When I took the Malaria Awareness Club to Mimosa for World Malaria Day, I ran into my friend Olive. She had attended GRS Training with me and was one of the Form 4 students at Camp Sky. She  invited me to her upcoming graduation. So today took a mini-bus over to Mimosa so I could celebrate with her.

I met my PCV friend Justin and we walked over to the ceremony together. On the way we passed this vendor selling goat meat. Check this out-- goat intestines wrapped around stomach. Yummy.

When we arrived, we found the ceremony had already started. Turns out we had the wrong start time. Also, their Guest of Honor had not shown up yet, so they needed a new one. And... they picked me. Um, what?!?! So all of a sudden I went from audience member to Guest of Honor. Oh yeah, and I would have to make a speech. Yikes-- in front of all these people!

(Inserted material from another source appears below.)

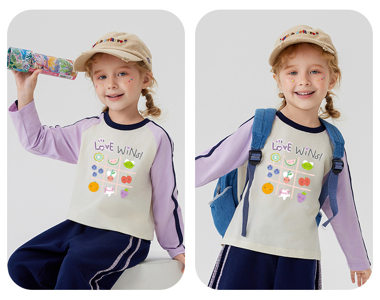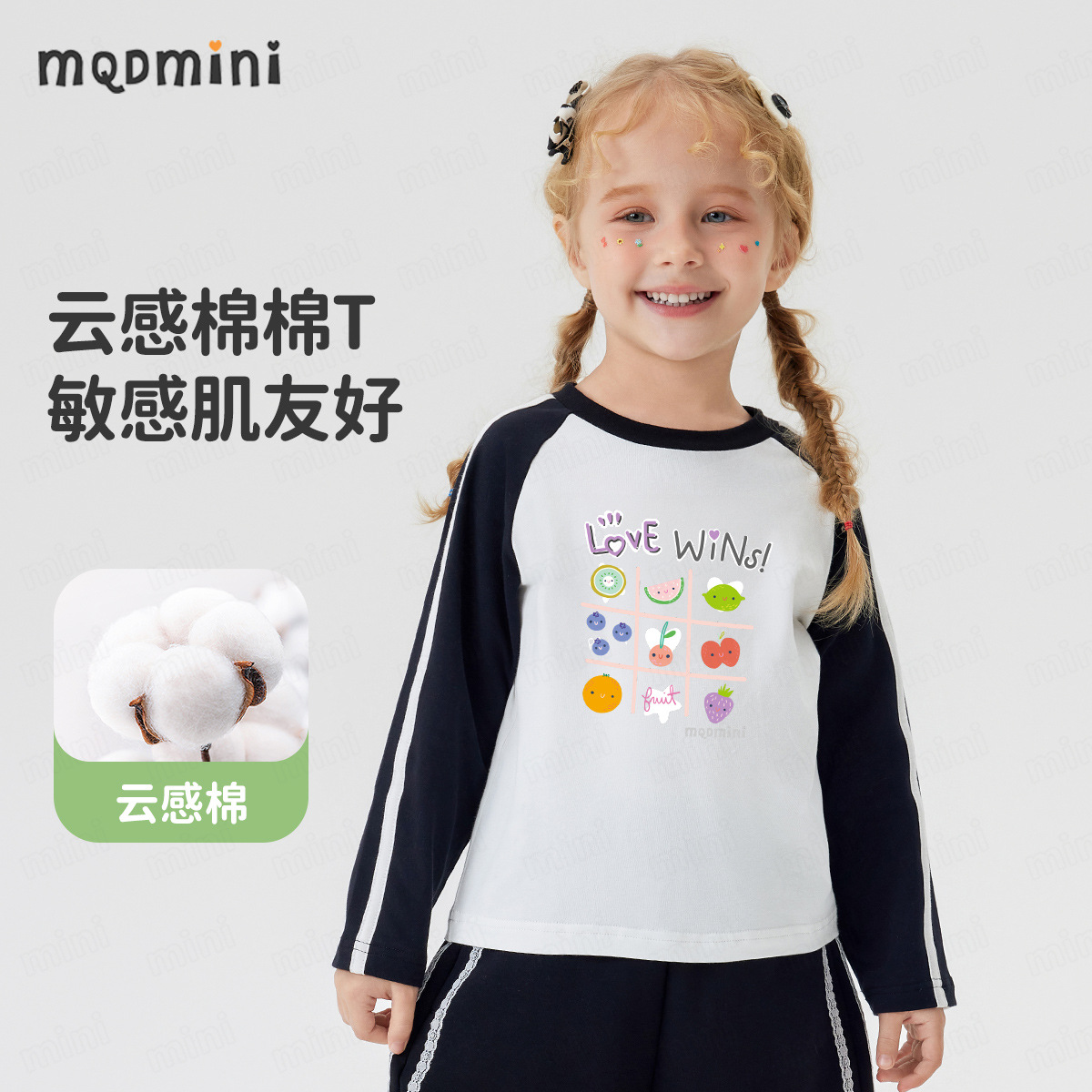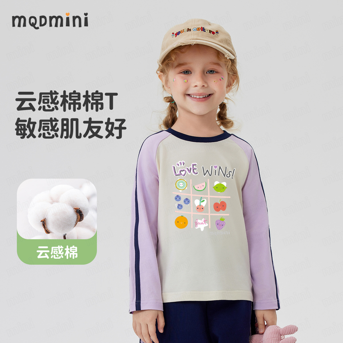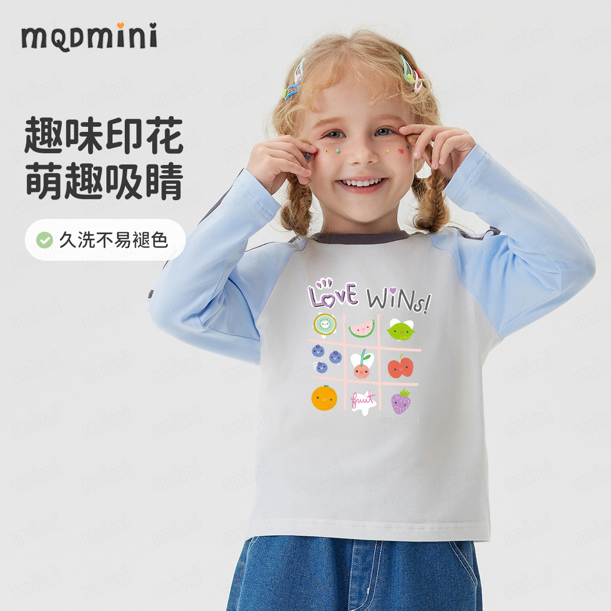 MQDmini 아동복 아동복 긴팔 티셔츠 소녀 프린트 크루 넥 탑 어린이 봄 옷베이스 셔츠 아기 옷스토어 가기

We were ushered through the crowd to the stage and seated with the teachers, the Chief, and the committee members. Gifts were given out to some students, then there were speeches by the Head Teacher and the Head Boy. Then it was my turn.

I opened up with some Chichewa introductions, but my bilingual skills quickly petered out so I switched to English. I kept my remarks brief, something along the lines of how as teachers our job is to prepare the adults of the future, and that they are the future of Malawi and can make real change happen. I also encouraged them to study hard for their MSCE exams next month. Not too bad for an improv speech, I hope.

Then it was time to hand out certificates to each student. Guess who got to hand them their certificates-- me! So I shook hands with all 100+ students, have them each their certificate and then posed for their grad photo with them and their families. I felt like I photo-bombed every kids graduation photo!

Afterwards the Head Teacher invited Justin and I to eat lunch with him. We had chicken, rice and vegetables. It was a good meal. We talked about the upcoming MSCE and the education system in Malawi. He also told us about the tree plantings they have been doing at the school.

By the time we were finished, the students had all changed from their school uniforms into their fancy clothes because it was time for the disco. But it was getting late (cuz it gets dark at 5:30 now) so we decided to head out.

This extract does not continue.